*ASSIGNED TASK*:
The expected result is a word-for-word copy of the entries, minus any pictures.

-------- GIVEN DATA --------

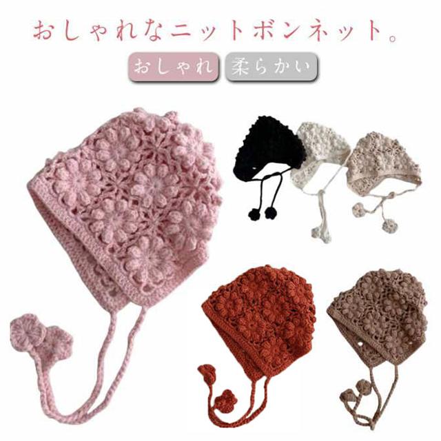 | おしゃれなニットボンネット。 透かし編みがおしゃれです。 プレゼントやギフトにもおすすめです。 | |
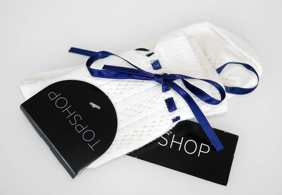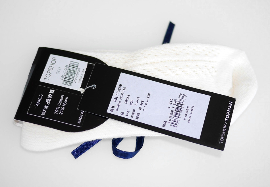 新品 TOPSHOPソックス靴下クリーム白ホワイト リボン パンプスソックス レディース フリーサイズ ニットCECILスクールソックス制服コットン 收藏
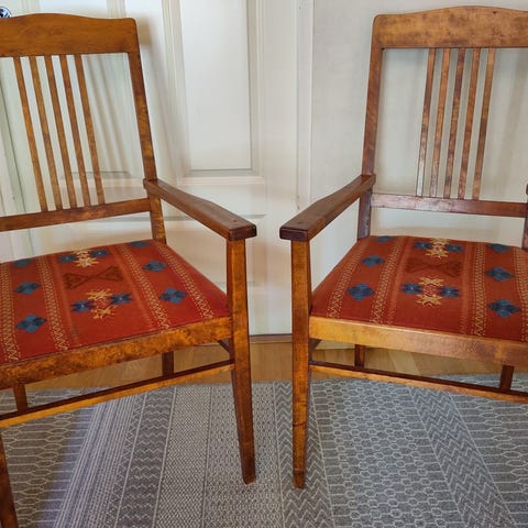 2 kpl pormestarin tuoleja. Olleet käytössä mutta nyt pitäisi varmaan jo entisöidä. Toista tuolia avattu että nähdään jousitusten kunto. Jousitukset tarvitsevat ainakin osittain sitomista. Puuosat kunnossa. Entisöijän unelma. Hinta 100e/kpl tai tee tarjous.
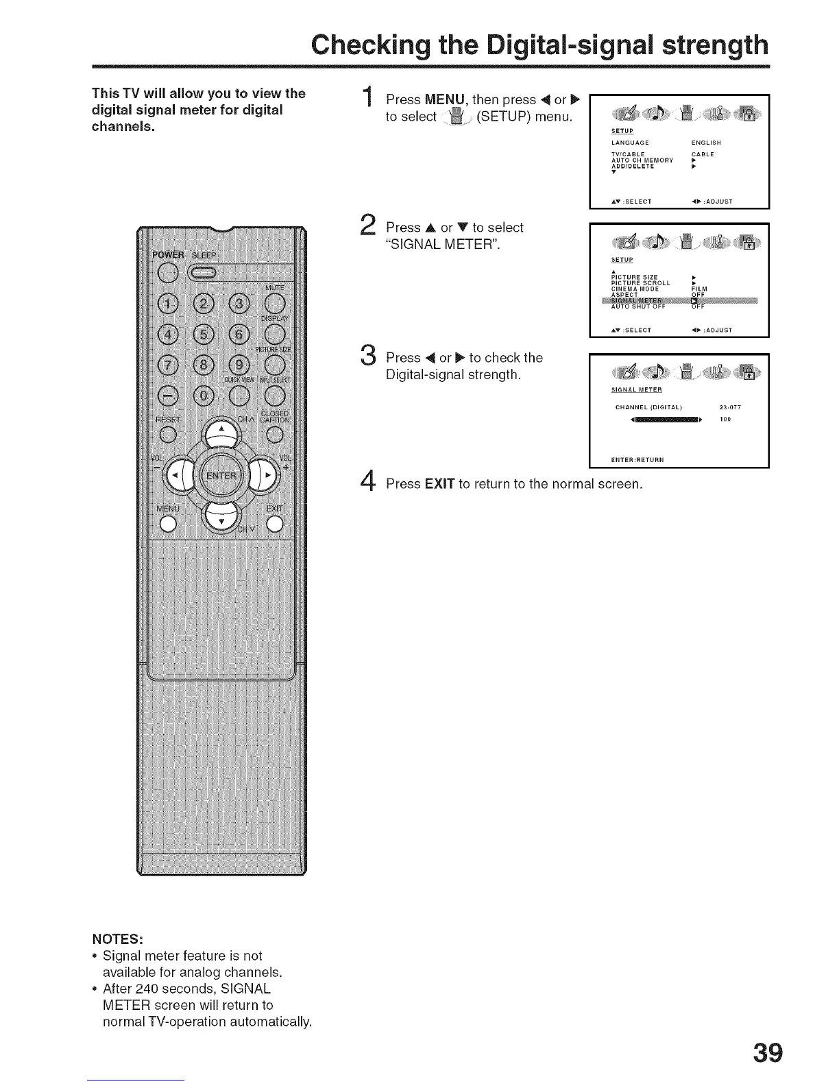 • Signal meter feature is not
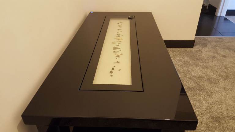 Bespoke brand new coffee table. only 2 exist and I'm keeping one of them. Remote control lighting...usb charging port... stainless steel laser etched name plate and serial number. Table name is THE SOVEREIGN.....serial number 200883. grab yourself a unique bargain. Approx 28 inches x 60 inches x 18 inches tall.
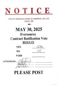 Thank you to all who came out today to vote on the ratification of the new contract between UWUA Local 369 and Eversource Energy. The contract passed with 1,236 in favor and 115 opposed. Please see the official results below. We look forward to our continued work with Eversource Energy and are pleased that we came to an agreement that supports our members.
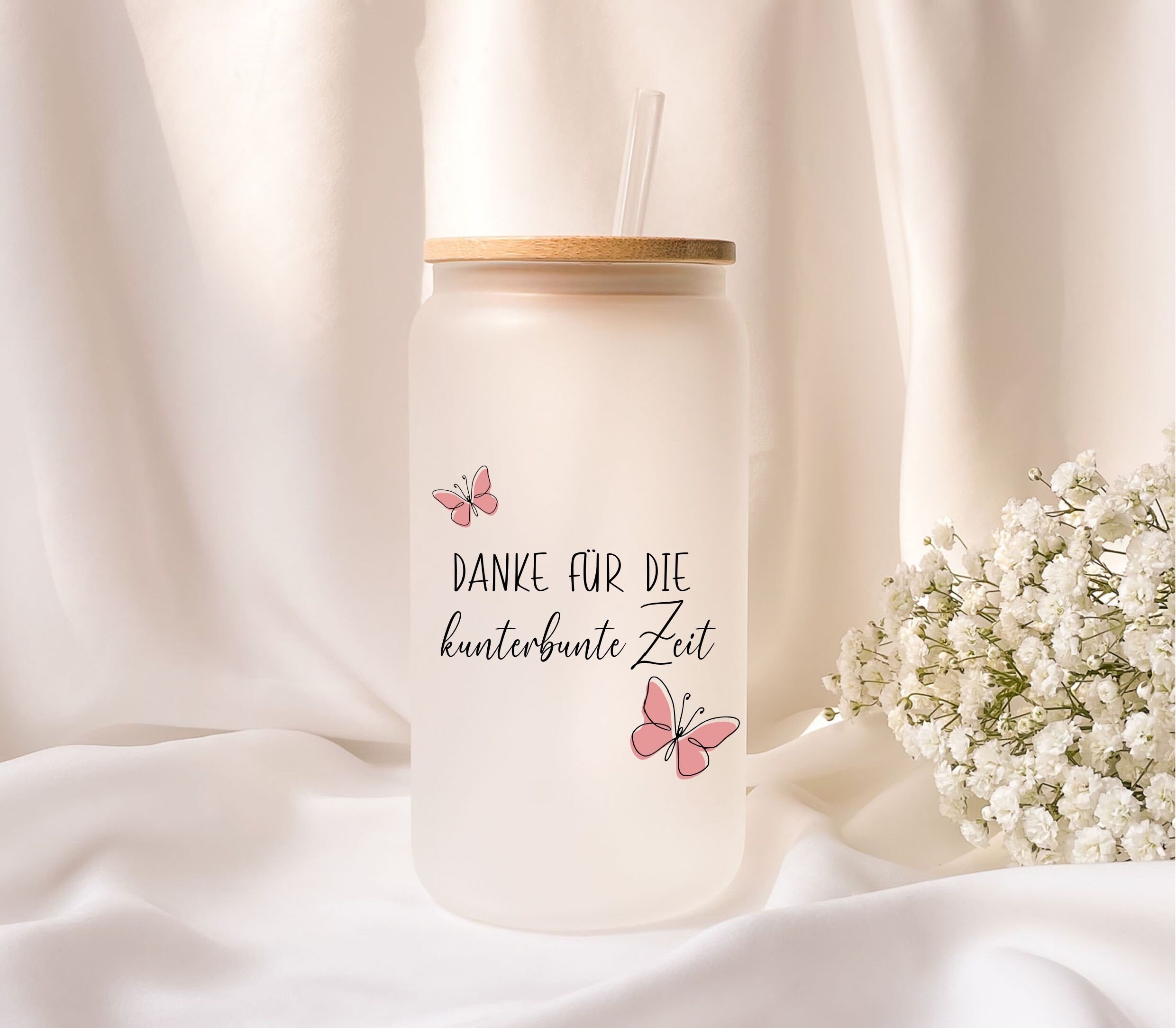 This unique frosted glass with a capacity of 470 ml comes with a beautiful light brown bamboo lid and a transparent reusable plastic drinking straw. The bamboo lid is provided with a rubber ring for sealing, which ensures a firm hold and protection against leaks.
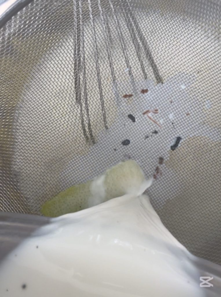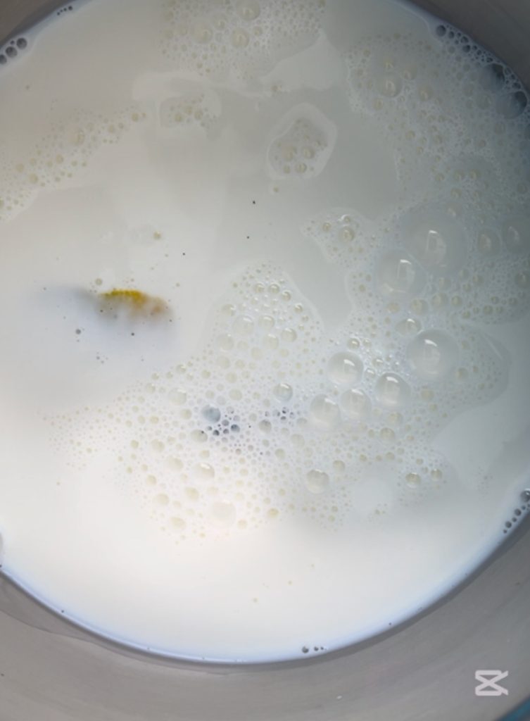 Despeje na tigela o leite quente coado para eliminar a casca de limão e as sementes
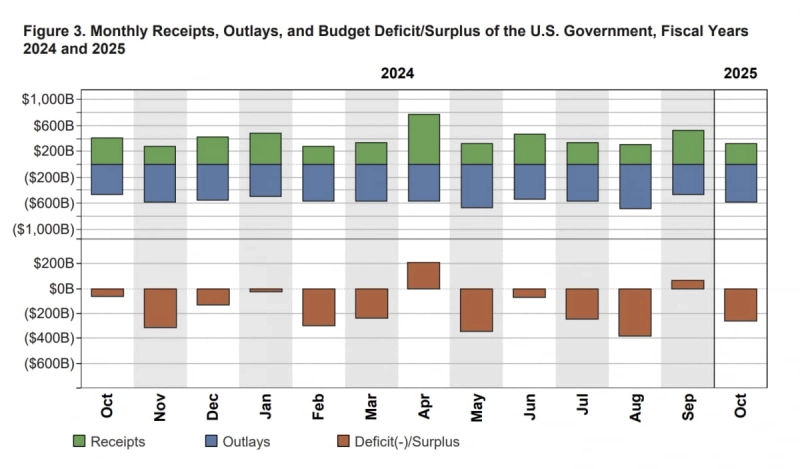 보고서에 따르면 10월 연방 수입은 전년 동기 대비 770억달러(약 19%) 줄어든 3270억달러를 기록했고, 10월 지출은 1140억달러(약 24%) 늘어난 5840억달러로 집계됐다. 사회보장, 의료보험, 군사비 지출은 늘었으나 공공 서비스 지출액은 70억달러(약 8%) 감소했다. 로이터통신은 "지난해 8월 이후 처음으로 공공 서비스 지출액이 전년 대비 줄었다"고 설명했다.
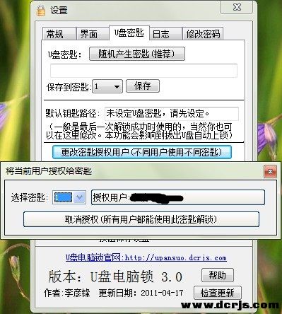 版本更新内容如下: 1.简化不同用户不同密匙解锁设置,傻瓜化操作,无需设置NTFS权限。 2.对锁屏界面程序进行优化,提高效率,大大增加了上锁解锁速度。 3.设置界面使用Tab选项卡的形式显示,保存设置统一归到一个“保存”按钮。 4.增加记录日志功能,可记录输错密码/正常解锁。支持摄像头拍照记录(此功能测试中)。 5.解锁密码于管理密码分开,可单独设置。 6.增加拔出U盘自动上锁功能(需要运行托盘程序) 7.支持锁屏界面背景,可设置图片。 8.修正检查更新模块在无法访问网络情况下出现错误声的BUG。 9.更改U盘密匙设置界面,选择密匙使用一个下来菜单选择。 10.锁屏界面版权信息全部显示在左下角,并且4秒后自动隐藏。 11.解锁后自动检查更新。 12.增加解锁时自动选择U盘密匙功能(系统自动选择一个可解锁的密匙,无需手动选择,这样就可以完美地插入U盘自动解锁了)。 13.修正了启动设置程序时,检查更新完毕后跑焦点的BUG。 14.增加了安全性,锁屏时对系统做了更多的限制。 15.修正了其它若干BUG,优化了若干细节,此处不一一列举。 16.密码错误次数设为0时,将显示密码被禁用,而不是显示错误0次。 17.增加屏保上锁功能,支持屏保后自动上锁,详细设置方法见帮助文档。 18.开机自动启动使用注册表方式,如果之前设置过开机自动启动的朋友请自行删除“开始-程序-启动”中的快捷方式。
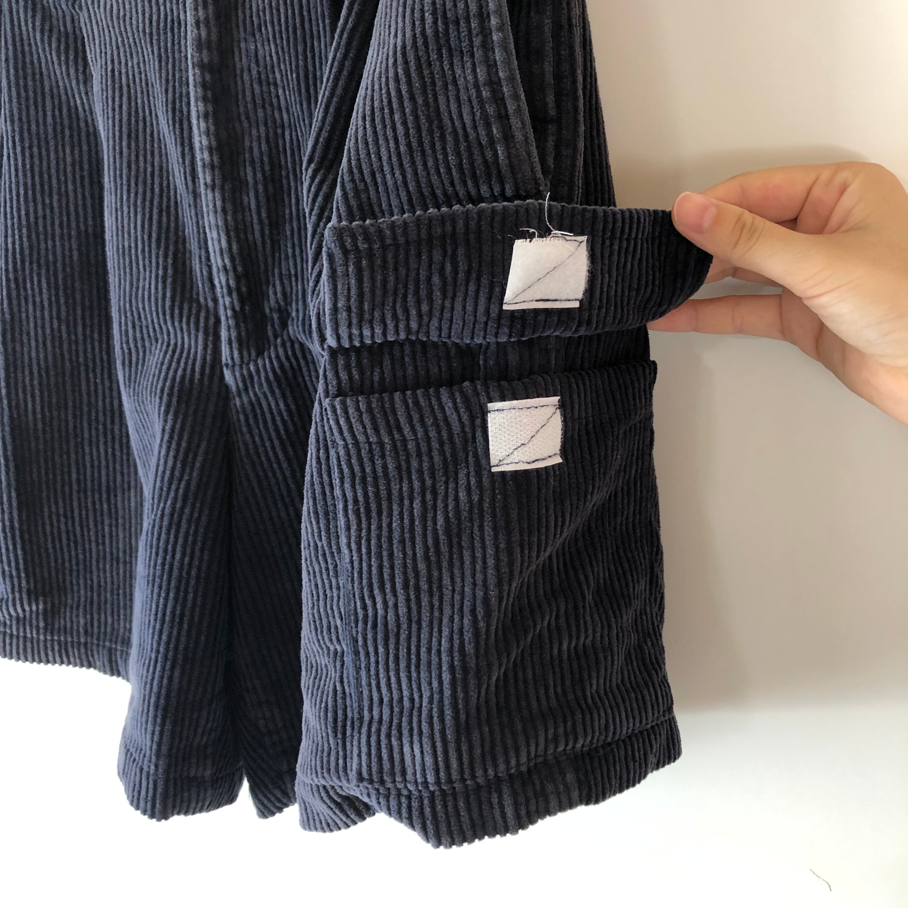 作りを見ると大きいコーデュロイパンツが小さいサイズにリメイクされた様子。
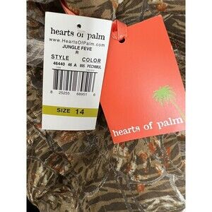 Hearts of Palm Blouse Size 14 Animal Print Semi-Sheer Collared Button-Down NEW
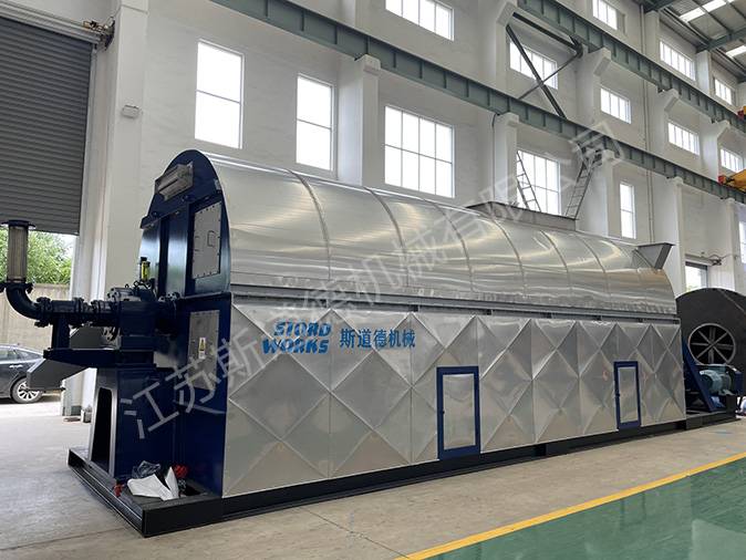 GSD型管柬干燥机结构为国固定的壳体内安装可转动的加热管束。蒸汽通过旋转接头进入管内传热变为冷凝水排出,物料中的水分在管外受热变成蒸汽,由负压风机排出,物料在管束内被转动的料铲抛洒,均匀落至加热管外表面,并从进料口端由料铲推动至出料口端,从而达到良好的干燥效果。
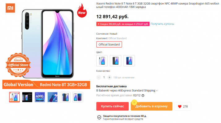 Вообще за свои 13 тысяч рублей смартфон выглядит очень интересно, я его закажу поизучать. Тем более что он на Ali уже появился. Смартфон буквально первый день в продаже, скидок на 11.11 на него не дают. И там количество ограничено, так что я пошел заказывать. Посмотрим, что за аппарат. Redmi Note 8 Pro очень понравился, но он в два раза дороже.
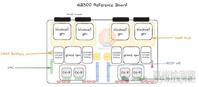 對于 GB300,Nvidia 不會提供整個 Bianca 主板,而是僅提供“SXM Puck”模塊上的 B300、BGA 封裝上的 Grace CPU 以及來自美國初創公司 Axiado 而非 GB200 的 Aspeed 的 HMC

--------

*WRITTEN RESPONSE*:
 | おしゃれなニットボンネット。 透かし編みがおしゃれです。 プレゼントやギフトにもおすすめです。 | |
 新品 TOPSHOPソックス靴下クリーム白ホワイト リボン パンプスソックス レディース フリーサイズ ニットCECILスクールソックス制服コットン 收藏
 2 kpl pormestarin tuoleja. Olleet käytössä mutta nyt pitäisi varmaan jo entisöidä. Toista tuolia avattu että nähdään jousitusten kunto. Jousitukset tarvitsevat ainakin osittain sitomista. Puuosat kunnossa. Entisöijän unelma. Hinta 100e/kpl tai tee tarjous.
 • Signal meter feature is not
 Bespoke brand new coffee table. only 2 exist and I'm keeping one of them. Remote control lighting...usb charging port... stainless steel laser etched name plate and serial number. Table name is THE SOVEREIGN.....serial number 200883. grab yourself a unique bargain. Approx 28 inches x 60 inches x 18 inches tall.
 Thank you to all who came out today to vote on the ratification of the new contract between UWUA Local 369 and Eversource Energy. The contract passed with 1,236 in favor and 115 opposed. Please see the official results below. We look forward to our continued work with Eversource Energy and are pleased that we came to an agreement that supports our members.
 This unique frosted glass with a capacity of 470 ml comes with a beautiful light brown bamboo lid and a transparent reusable plastic drinking straw. The bamboo lid is provided with a rubber ring for sealing, which ensures a firm hold and protection against leaks.
 Despeje na tigela o leite quente coado para eliminar a casca de limão e as sementes
 보고서에 따르면 10월 연방 수입은 전년 동기 대비 770억달러(약 19%) 줄어든 3270억달러를 기록했고, 10월 지출은 1140억달러(약 24%) 늘어난 5840억달러로 집계됐다. 사회보장, 의료보험, 군사비 지출은 늘었으나 공공 서비스 지출액은 70억달러(약 8%) 감소했다. 로이터통신은 "지난해 8월 이후 처음으로 공공 서비스 지출액이 전년 대비 줄었다"고 설명했다.
 版本更新内容如下: 1.简化不同用户不同密匙解锁设置,傻瓜化操作,无需设置NTFS权限。 2.对锁屏界面程序进行优化,提高效率,大大增加了上锁解锁速度。 3.设置界面使用Tab选项卡的形式显示,保存设置统一归到一个“保存”按钮。 4.增加记录日志功能,可记录输错密码/正常解锁。支持摄像头拍照记录(此功能测试中)。 5.解锁密码于管理密码分开,可单独设置。 6.增加拔出U盘自动上锁功能(需要运行托盘程序) 7.支持锁屏界面背景,可设置图片。 8.修正检查更新模块在无法访问网络情况下出现错误声的BUG。 9.更改U盘密匙设置界面,选择密匙使用一个下来菜单选择。 10.锁屏界面版权信息全部显示在左下角,并且4秒后自动隐藏。 11.解锁后自动检查更新。 12.增加解锁时自动选择U盘密匙功能(系统自动选择一个可解锁的密匙,无需手动选择,这样就可以完美地插入U盘自动解锁了)。 13.修正了启动设置程序时,检查更新完毕后跑焦点的BUG。 14.增加了安全性,锁屏时对系统做了更多的限制。 15.修正了其它若干BUG,优化了若干细节,此处不一一列举。 16.密码错误次数设为0时,将显示密码被禁用,而不是显示错误0次。 17.增加屏保上锁功能,支持屏保后自动上锁,详细设置方法见帮助文档。 18.开机自动启动使用注册表方式,如果之前设置过开机自动启动的朋友请自行删除“开始-程序-启动”中的快捷方式。
 作りを見ると大きいコーデュロイパンツが小さいサイズにリメイクされた様子。
 Hearts of Palm Blouse Size 14 Animal Print Semi-Sheer Collared Button-Down NEW
 GSD型管柬干燥机结构为国固定的壳体内安装可转动的加热管束。蒸汽通过旋转接头进入管内传热变为冷凝水排出,物料中的水分在管外受热变成蒸汽,由负压风机排出,物料在管束内被转动的料铲抛洒,均匀落至加热管外表面,并从进料口端由料铲推动至出料口端,从而达到良好的干燥效果。
 Вообще за свои 13 тысяч рублей смартфон выглядит очень интересно, я его закажу поизучать. Тем более что он на Ali уже появился. Смартфон буквально первый день в продаже, скидок на 11.11 на него не дают. И там количество ограничено, так что я пошел заказывать. Посмотрим, что за аппарат. Redmi Note 8 Pro очень понравился, но он в два раза дороже.
 對于 GB300,Nvidia 不會提供整個 Bianca 主板,而是僅提供“SXM Puck”模塊上的 B300、BGA 封裝上的 Grace CPU 以及來自美國初創公司 Axiado 而非 GB200 的 Aspeed 的 HMC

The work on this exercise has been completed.